The memory remains occupied by "Hello". It is lost (unless you have other references to it).
The address p is pointing to (the value of p) is changed of course.
In this case, "Hello" is created at compile time and is part of the binary. In most situation "Hello" is stored in read only memory. "FTW" is also part of the binary. Second assignment will only change the pointer.

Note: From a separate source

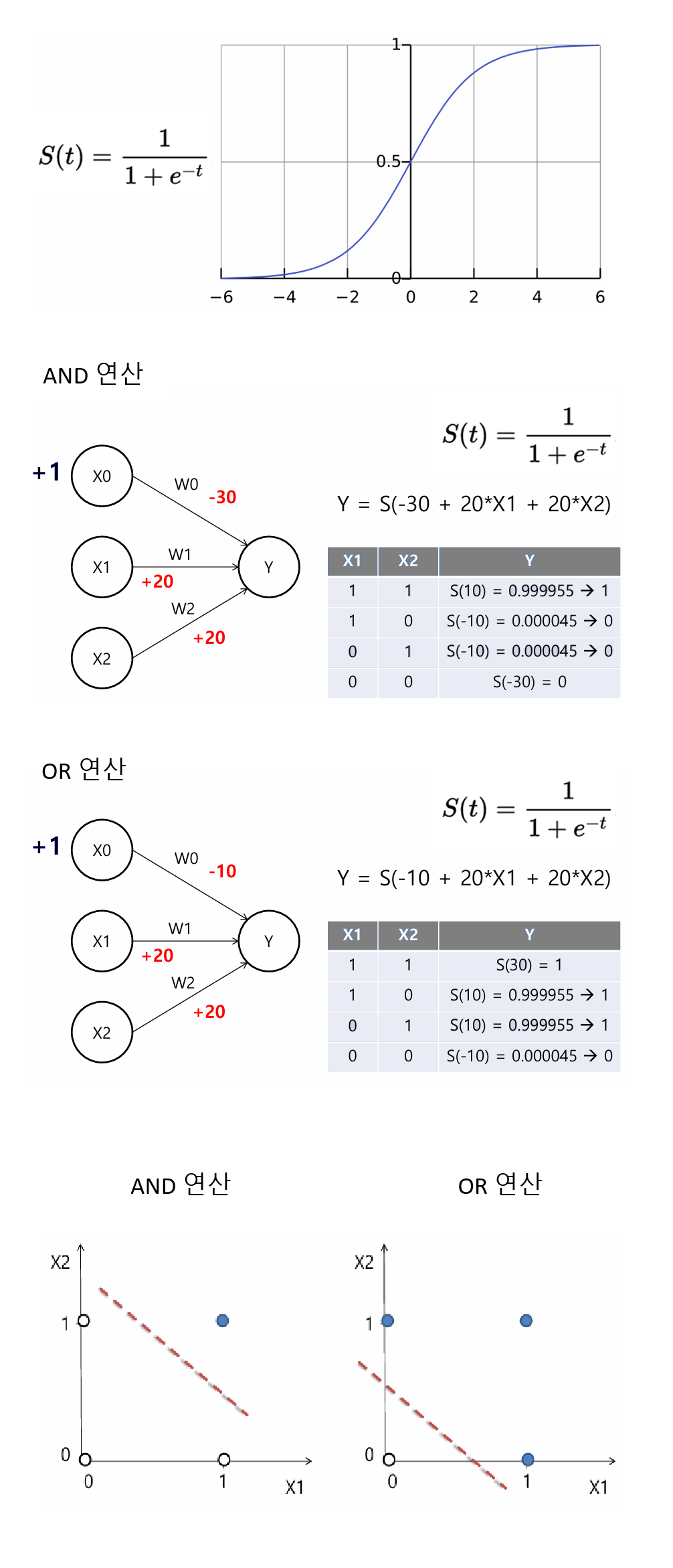 연산에서 사용되는 공식 Y = S(W0 * X0 + W1 * X1 + W2 * X2)에서 Y는 자극이 있다 없다를 표시하는 1 또는 0이고, W는 가중치, S는 시그모이드 함수를 의미해요. 즉, 가중치 값만으로 AND 연산이 되고 OR 연산이 되는 것이죠. 또한 가중치 값이 AND, OR 연산에서 직선의 방정식을 결정합니다. 이때 가중치 값은 무한대로 설정할 수 있어요.

in addition - "Hello" and "FTW" have static storge duration as Met have pointed out
It creates a string constant that cannot be modified and should be used as it is.
If you try doing
p[0]='m';
It would give segmentation fault since this is not string literal with allocated memory in which you can reassign and read back values.
what if
p = getbuffer();
getbuffer()
{
return buf = malloc(buf, size);
}
how can free this memory before allocating new memory to p! imagine that p should use getbuffer() many times.
Related
I wonder what happens inside the memory when we do something like this
char *s;
s = "Text";
s = "Another Text";
If I'm getting it right, by assigning string to char pointer memory is dynamically allocated. So according to my understanding assignment expression
s = "Text";
equals to
s = (char *) malloc(5); // "Text" + '\0'
strcpy(s, "Text");
Well, this way we can easily free memory by using
free(s);
But... After reassigning same pointer to another value, it allocates new memory segment to store that value.
s = "Text";
printf("\n(%p) s = \"%s\"", s, s);
s = "Another Text";
printf("\n(%p) s = \"%s\"", s, s);
Output:
(0x400614) s = "Text"
(0x400628) s = "Another Text"
That means that address of old value is not accessible to us any longer and we can't free that any more. Another call to free(s); will probably deallocate only last memory segment used by that pointer.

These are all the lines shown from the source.